**Your goal**
From first line to last, copy the listing exactly and omit its pictures.

**Raw data**
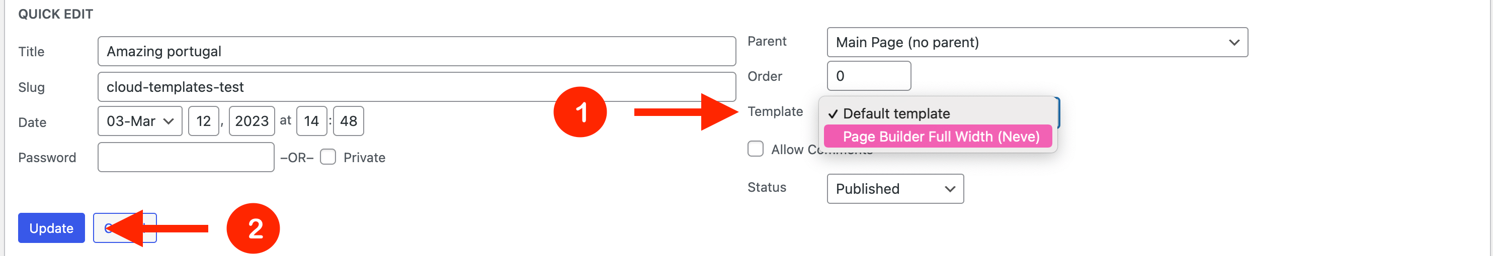 In WordPress, you can change the page template in two ways:
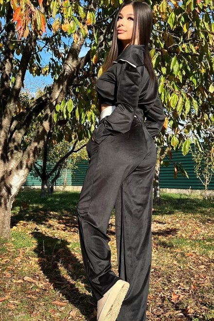 Compleu Lejer de Dama , din Doua Piese, Pantalon cu Betelie Dubla si Bluza cu Inchidere Fermoar ,din Catifea, Riley ,Negru
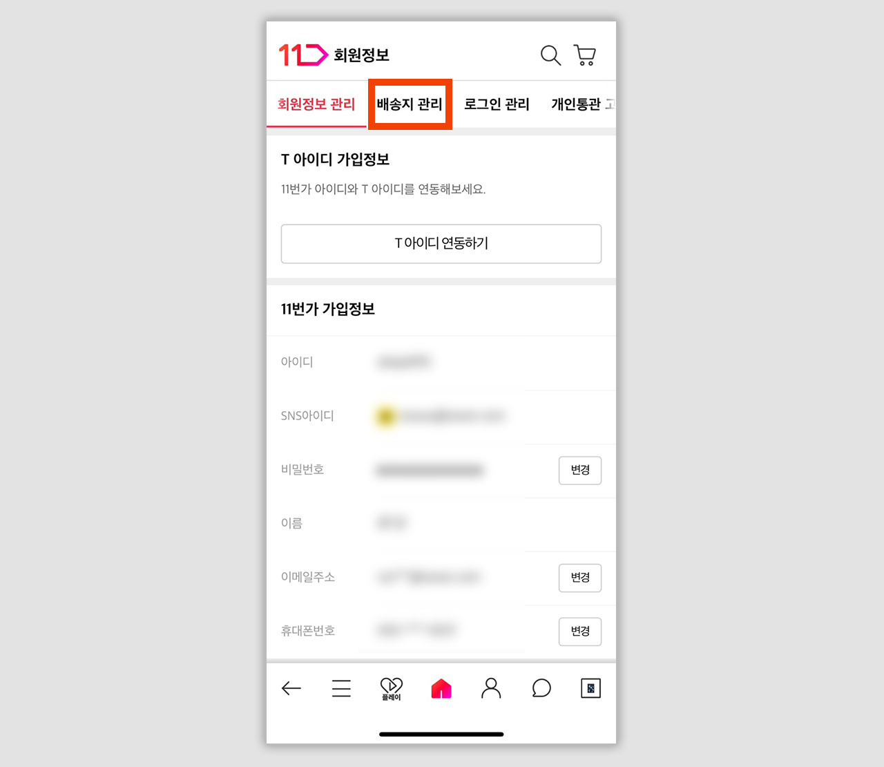 ③ 회원정보 탭에서 두번째 "배송지 관리" 탭을 터치해주세요
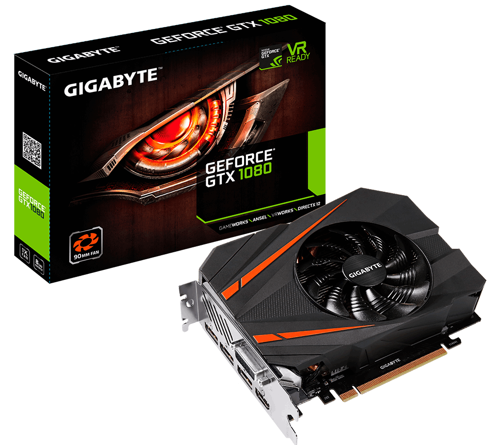 Gigabyte presentó su nueva tarjeta gráfica GeForce GTX 1080 Mini ITX 8G, la más compacta del mundo en su categoría. Con tan solo 16,9cm de largo, está diseñada para caber en cases mini ITX. Cuenta con 8GB GDDR5X 256bit de memoria RAM y corre a 1632 MHz en su modo base (1771 MHz con overclock).

**Exercise result**
 In WordPress, you can change the page template in two ways:
 Compleu Lejer de Dama , din Doua Piese, Pantalon cu Betelie Dubla si Bluza cu Inchidere Fermoar ,din Catifea, Riley ,Negru
 ③ 회원정보 탭에서 두번째 "배송지 관리" 탭을 터치해주세요
 Gigabyte presentó su nueva tarjeta gráfica GeForce GTX 1080 Mini ITX 8G, la más compacta del mundo en su categoría. Con tan solo 16,9cm de largo, está diseñada para caber en cases mini ITX. Cuenta con 8GB GDDR5X 256bit de memoria RAM y corre a 1632 MHz en su modo base (1771 MHz con overclock).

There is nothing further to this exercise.